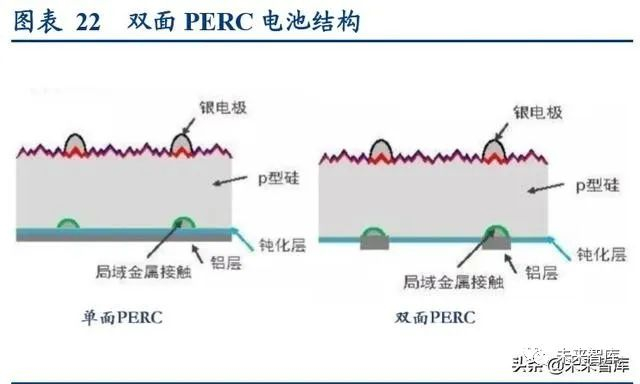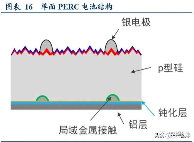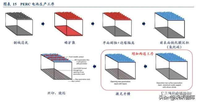 PERC 技术仅需在 BSF 基础上增加两道工序即可完成升级改造:PERC 技术在常规 BSF 电池基础上增加背面钝化层 沉积和激光开槽两道工序,此外,针对背部抛光需对基于化学湿台的边缘隔离步骤稍作调整,即可实现传统 BSF 电 池产线向 PERC 产线的升级。背钝化层主要采用氧化铝作为背钝化材料(氧化硅、氮氧化硅也可作为背钝化材料), 氧化铝由于电荷密度较高,可降低背表面少子的复合速率,钝化效果较好,同时为保证电池背面的光学性能,还会 在氧化铝表面覆盖一层氮化硅膜作为保护层。为使背面金属电极与硅形成良好的欧姆接触,需要对钝化层进行刻蚀,目前主流工艺采用激光开槽的方式来完成这一工序。
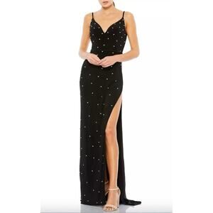 MAC DUGGAL Dress Size 6 Evening Gown NEW Black Rhinestone Embellished V-Neck
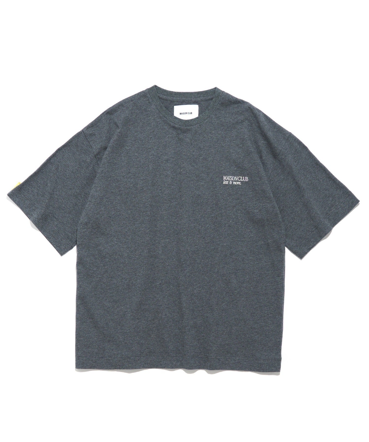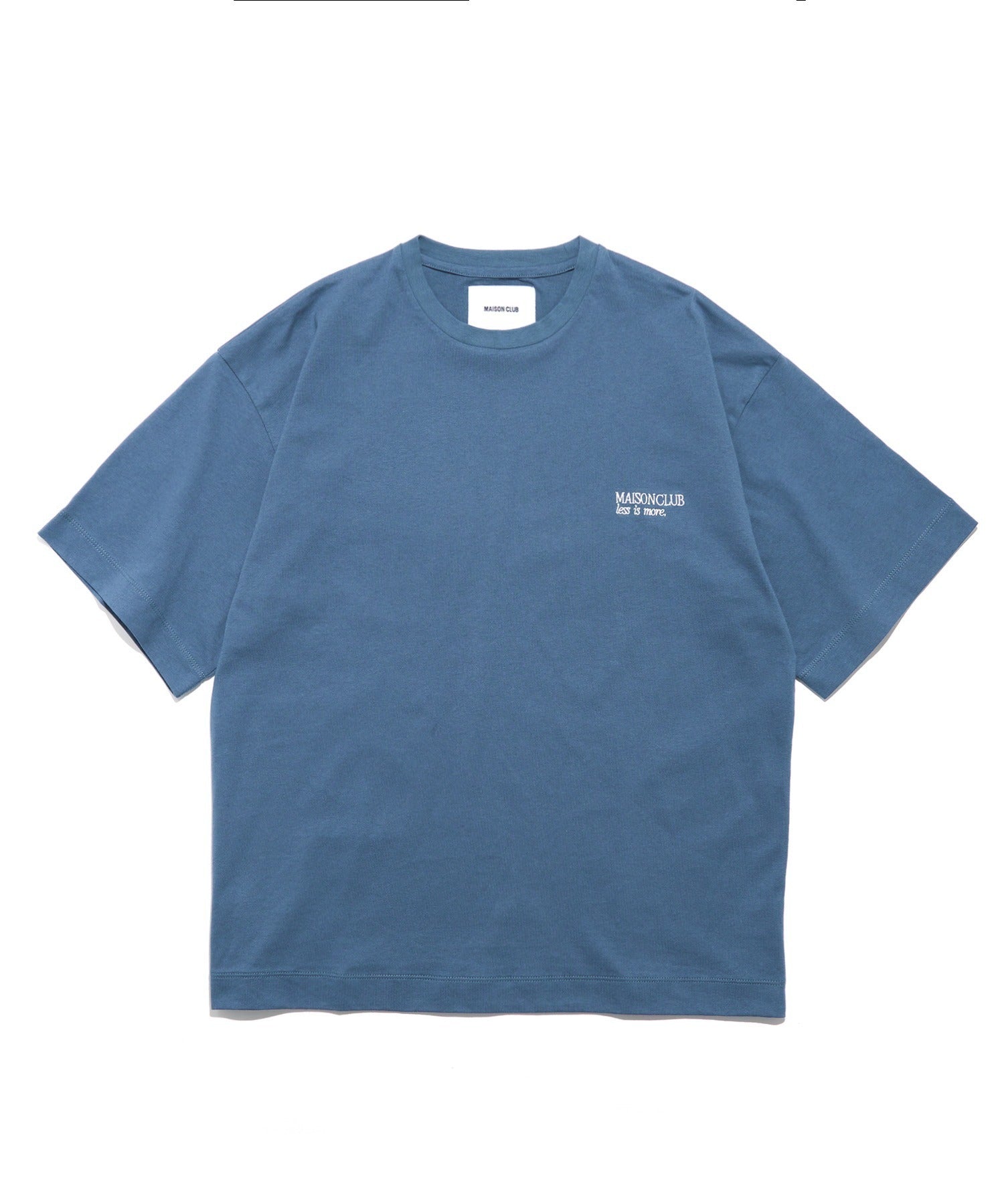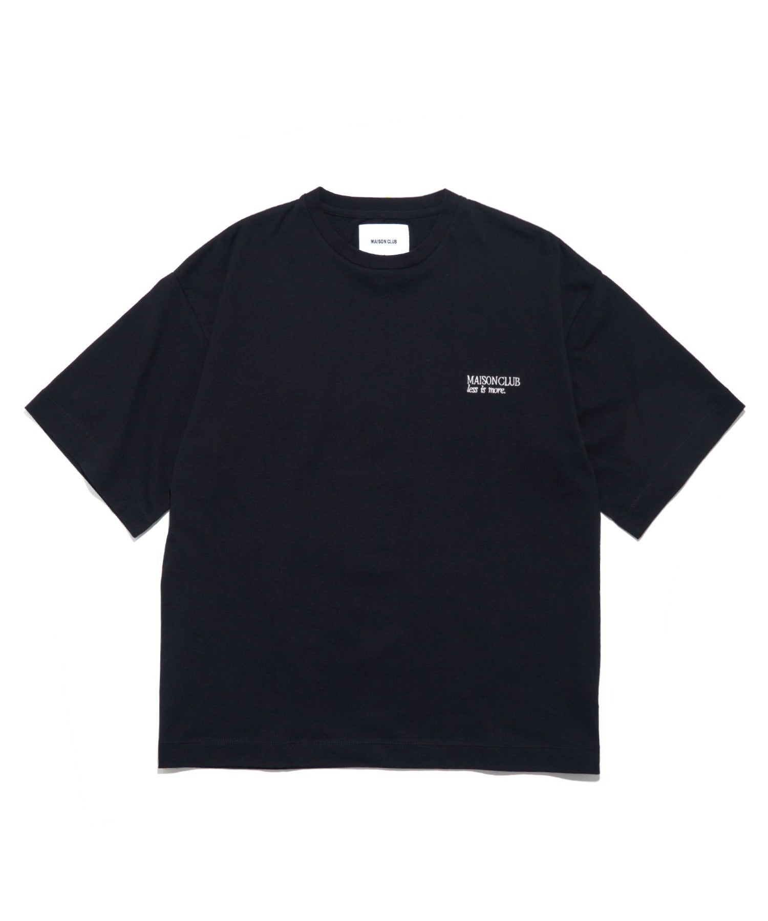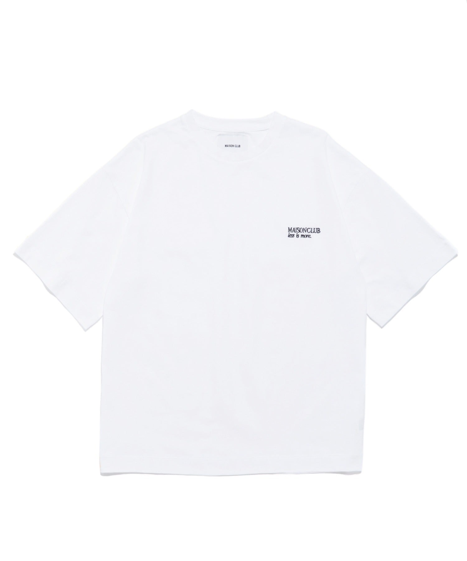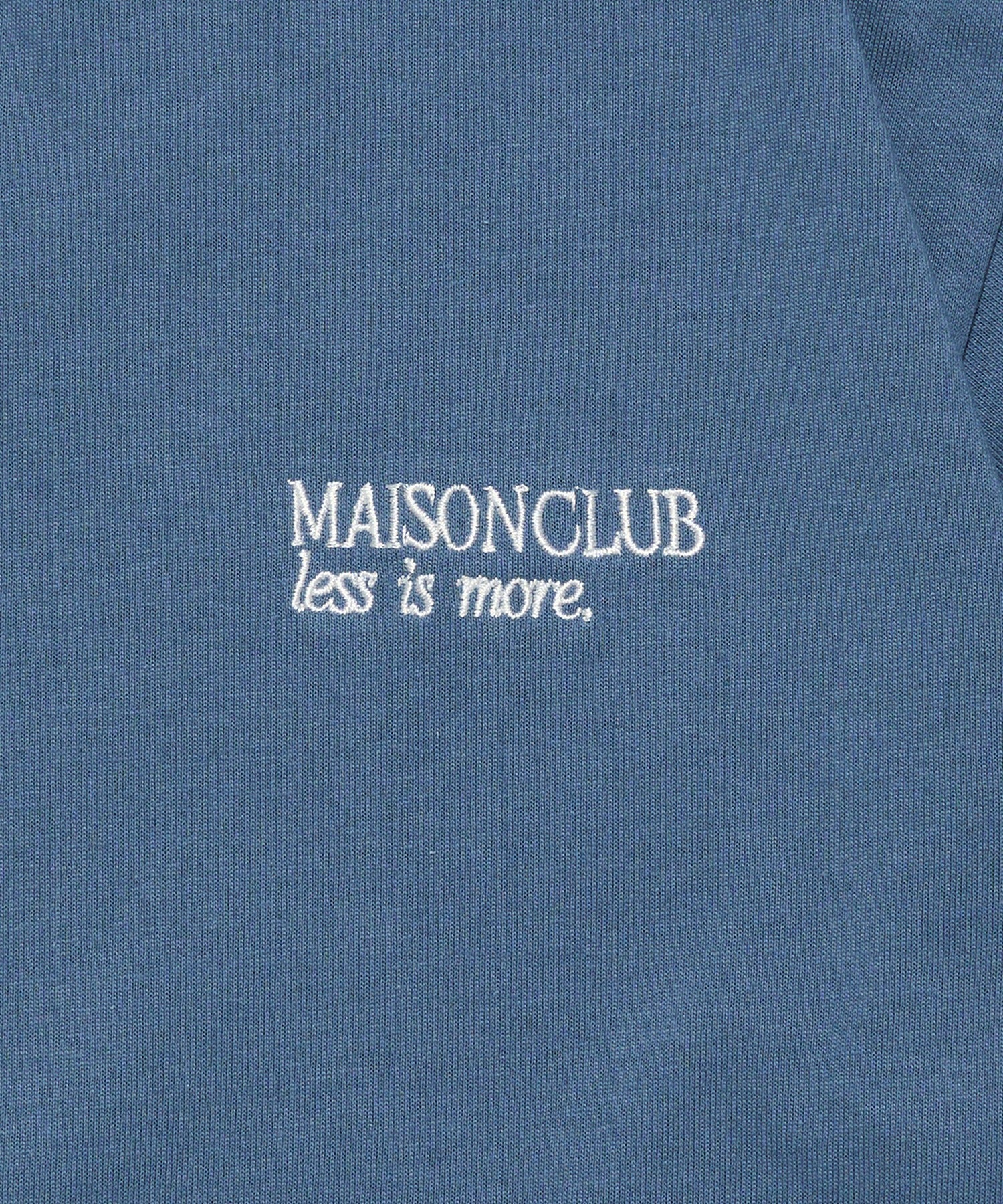 胸元にはブランドロゴ「MAISON CLUB」と、ブランドのフィロソフィーである「LESS IS MORE」の刺繍を控えめに配置。

### [Problem description]
A faithful copy of all the data above, without its pictures, is the expected result.

### [Finished exercise]
 PERC 技术仅需在 BSF 基础上增加两道工序即可完成升级改造:PERC 技术在常规 BSF 电池基础上增加背面钝化层 沉积和激光开槽两道工序,此外,针对背部抛光需对基于化学湿台的边缘隔离步骤稍作调整,即可实现传统 BSF 电 池产线向 PERC 产线的升级。背钝化层主要采用氧化铝作为背钝化材料(氧化硅、氮氧化硅也可作为背钝化材料), 氧化铝由于电荷密度较高,可降低背表面少子的复合速率,钝化效果较好,同时为保证电池背面的光学性能,还会 在氧化铝表面覆盖一层氮化硅膜作为保护层。为使背面金属电极与硅形成良好的欧姆接触,需要对钝化层进行刻蚀,目前主流工艺采用激光开槽的方式来完成这一工序。
 MAC DUGGAL Dress Size 6 Evening Gown NEW Black Rhinestone Embellished V-Neck
 胸元にはブランドロゴ「MAISON CLUB」と、ブランドのフィロソフィーである「LESS IS MORE」の刺繍を控えめに配置。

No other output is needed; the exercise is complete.